Sunday 15 June 2014

A Realistic List of Ways to Be a Great Dad

I’ve noticed a lot of lists circulating this month about ‘how to be a great dad’. These lists are often absurdly idealistic. My parents both worked for a living, starting off dirt-poor and working crazy long days to get us comfortable. They are ‘salt of the earth’ people at their core, and they’re rough around the edges. I often describe myself as being raised by Klingons: a warrior race that prides itself on honor and a good fight. Maybe you’re the kind of dad that finds those endless lists of idealistic ‘dad rules’ to be helpful; but if you’re a normal human dad, maybe this list will better suit your needs.


1. Teach your kids to make their own fun. If you don’t have money for the newest automated kid gadget, give her a gas mask, a flashlight, and a little brother to terrorize. In fact, even if you do have the money for the newest gadget, stick with the flashlight and the gas mask.

2. If you are a young family trying to make ends meet, be creative. Buy one MacDonald’s hamburger (the little kind), then share it in alternating bites between yourself, your son, and your daughter. Whoever gets the pickle is considered the winner. Meanwhile everyone gets a little treat.

3. If your kid asks you why Rocky Balboa is drinking raw eggs, explain it to her. If she then says she wants a raw egg too, give it to her. When she realizes it’s disgusting, be kind enough to let her throw it out.

4. Teach your daughter how to defend herself. Teach her also how to change her own tire, shoot a weapon, patch a boat, clean a fish, and drive a standard. Because knowledge is power and there’s nothing you should only teach a son, and Daddy don’t raise no damsels in distress.

5. Sing in traffic: make up songs to express your frustration with the bad drivers around you. If you’re lucky, you’ll one day hear your own daughter singing, “Sucking my braiiiiins directly out of my asshooooole” just like you did.

6. Always answer the ‘why’ questions, even when your kid is a teenager. Even if it takes six hours and it’s a fight between the two of you.

7. Put aside the kid shows, kid music, and Disney movies, and watch real movies with your kids. Cover their eyes when necessary but watch them anyway. Play classic rock and classical music. They’ll grow up lightyears ahead of the other kids in terms of wit, intelligence, and emotional literacy.

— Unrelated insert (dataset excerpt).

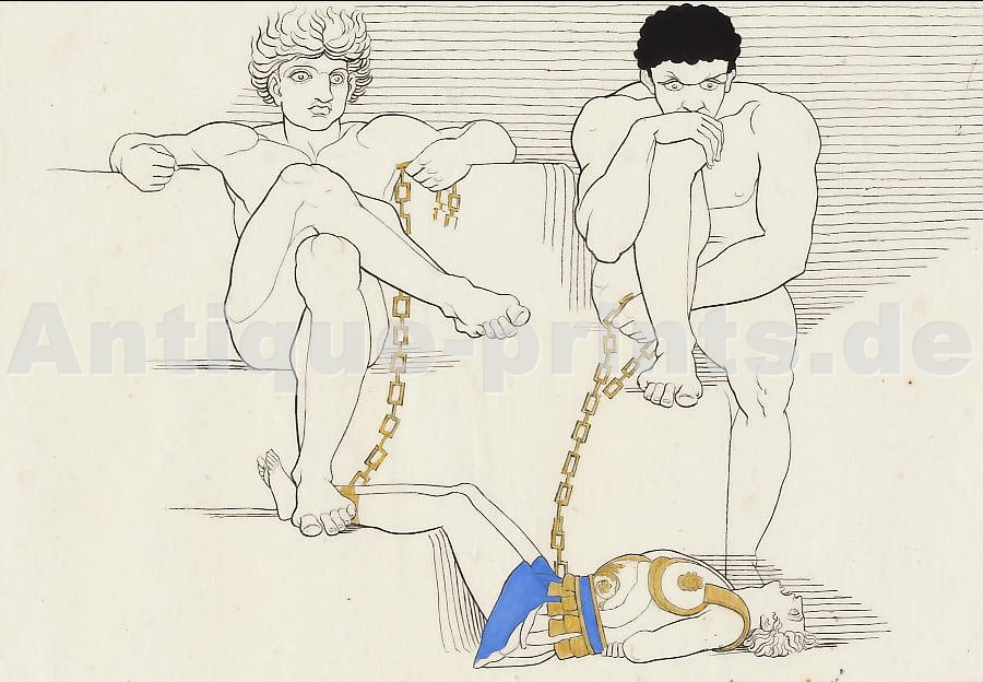 Ilias. Strichradierung von Feillet und Laqueson nach John Flaxman. 1827. Sehr guter Zustand. Handkoloriert. 24x16,5cm. Mit Passepartout.

8. Get festive. Dress up like the Grim Reaper on Hallowe'en and chase the neighbourhood kids. Make potato spiders and drop them from a pulley system onto the trick-or-treaters. Basically, be a kid but with all the resources of an adult.

9. At bedtime, read to your kid the novels you’re already reading, yourself. She won’t understand everything that Terry Brooks or Isaac Asimov is saying, but she’ll feel like you respect her intelligence and she’ll develop a hunger to understand all the words.

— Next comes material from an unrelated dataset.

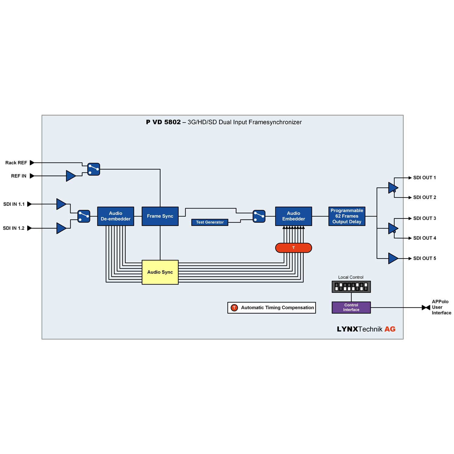 The P VD 5802 is a low cost utility SDI frame synchronizer which can be used for basic SDI synchronization issues in broadcast. The module offers multi-format support for SDI formats up to 3Gbit/s (auto-detect)
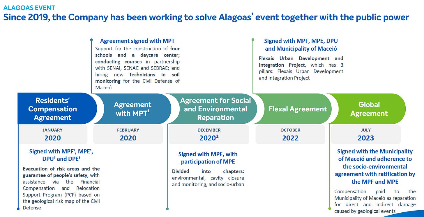 I genuinely believe the Braskem crisis in Alagoas is finally turning a corner. The complete halt of rock salt extraction in May 2019 and a structured, ANM‑approved plan to permanently close the 35 wells — with work due to finish by mid‑2026 — have been pivotal.

10. To make housecleaning more enjoyable, blast the “Les Poissons” song from The Little Mermaid on full volume and have everyone sing along. For the rest of your kid’s life, doing chores will be a happy thing.

My experience has been that it’s not about the quantity of time, but the quality of time that you spend with your kid. And it’s often the things you didn’t know were ‘lessons’ that will stick in your kid’s brain. You don’t have to be Superman to raise a good kid; just aim to be unique, true to your values, and creative. The rest will work itself out.